Pretest scores are the results collected before an intervention or treatment is applied. In our exercise, we collected 15 pretest scores to establish a baseline for comparison. These scores ranged from 3 to 15. By analyzing pretest scores, we can assess the initial level of performance or understanding of the students. Calculating measures like median and mean helps us summarize this baseline data. This summary can then be used to make comparisons with posttest scores to evaluate any changes or improvements.

Posttest Scores

Posttest scores are the results gathered after a certain intervention or teaching method has been applied.
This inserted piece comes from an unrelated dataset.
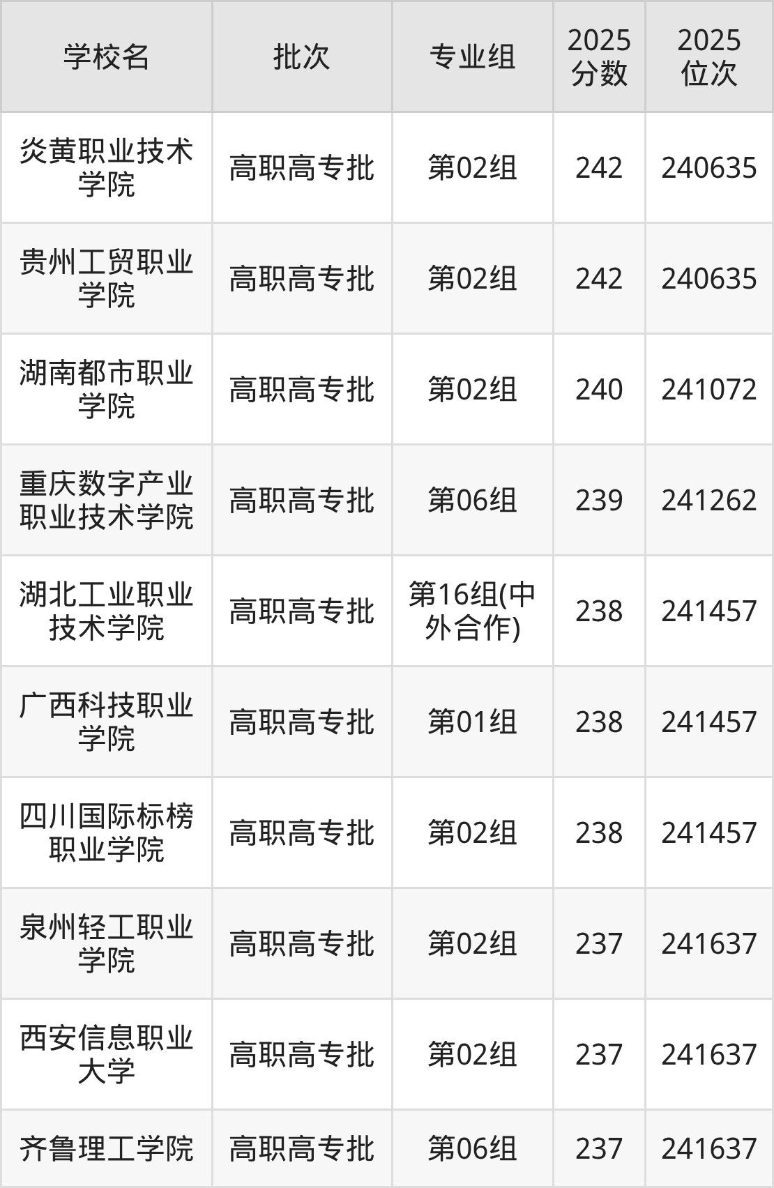 2025年湖北高考物理类239分(241073名~241262名)能上的大学有重庆数字产业职业技术学院第06组。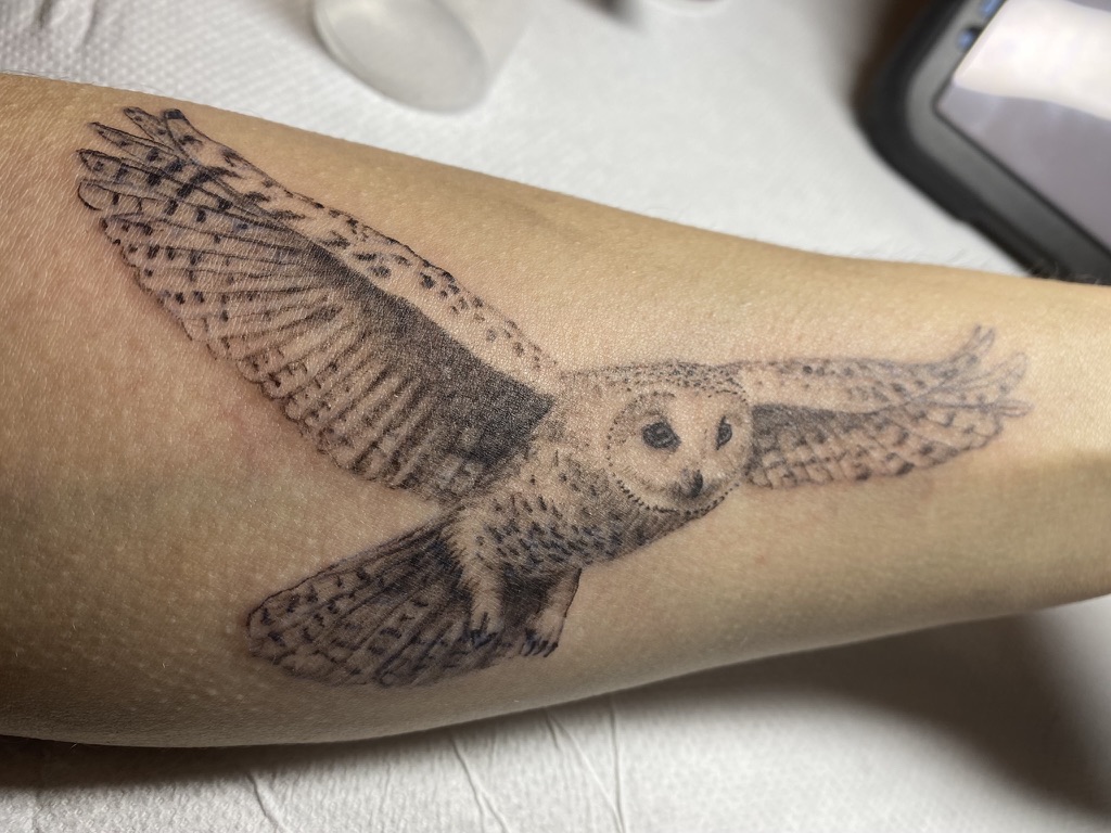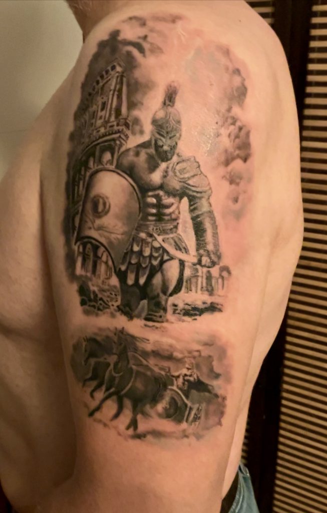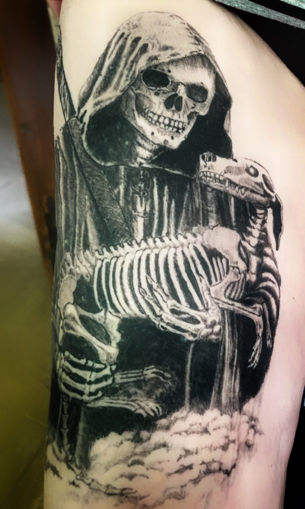 L’art est pour moi une histoire de famille. Fils d’un père illustrateur, j’ai grandi au milieu des crayons et des planches à dessin, développant très tôt un regard aiguisé sur l’image. Mon parcours s’est ensuite structuré par une formation solide : d’abord à l’ESAAT de Roubaix, où j’ai obtenu un BT de dessinateur maquettiste, puis aux Beaux-Arts de Valenciennes.Ce bagage académique et cet héritage familial sont les fondations de mon travail actuel. Ils m’ont donné la rigueur nécessaire pour maîtriser le réalisme noir et blanc, où la gestion de la lumière et des volumes est primordiale. Parallèlement, ma fascination pour les techniques d’impression classiques m’a naturellement dirigé vers le style gravure, une esthétique où la ligne hachurée devient le moteur de l’émotion.En 2025, j’ai ouvert le studio L’Art Dans La Peau pour mettre ce savoir-faire au service de vos projets. Ici, chaque tatouage est envisagé comme une œuvre d’art à part entière, héritière des techniques de l’illustration et de l’exigence des Beaux-Arts.

For the examples given, we measured 15 posttest scores. These ranged from 5 to 20, indicating performance after the intervention. To summarize the effectiveness of the intervention, we can compare the posttest scores to the pretest scores. This comparison helps determine if there has been an improvement. Calculations of the median (12) and mean (approximately 12.93) in the posttest scores offer insights into the overall improvement and distribution of scores.

Statistical Interpretation

Statistical interpretation involves making sense of the calculated statistics to draw meaningful conclusions. For this exercise, comparing the pretest and posttest scores provides insight into student progress. The median for pretest scores was 10, and for posttest scores, it was 12, suggesting a general improvement. The mean increased from approximately 8.67 (pretest) to 12.93 (posttest), also indicating improvement. The slight difference between median and mean in posttest results suggests a minor skew towards higher scores. Overall, these statistics collectively show a positive outcome from the intervention, indicating an improvement in student performance.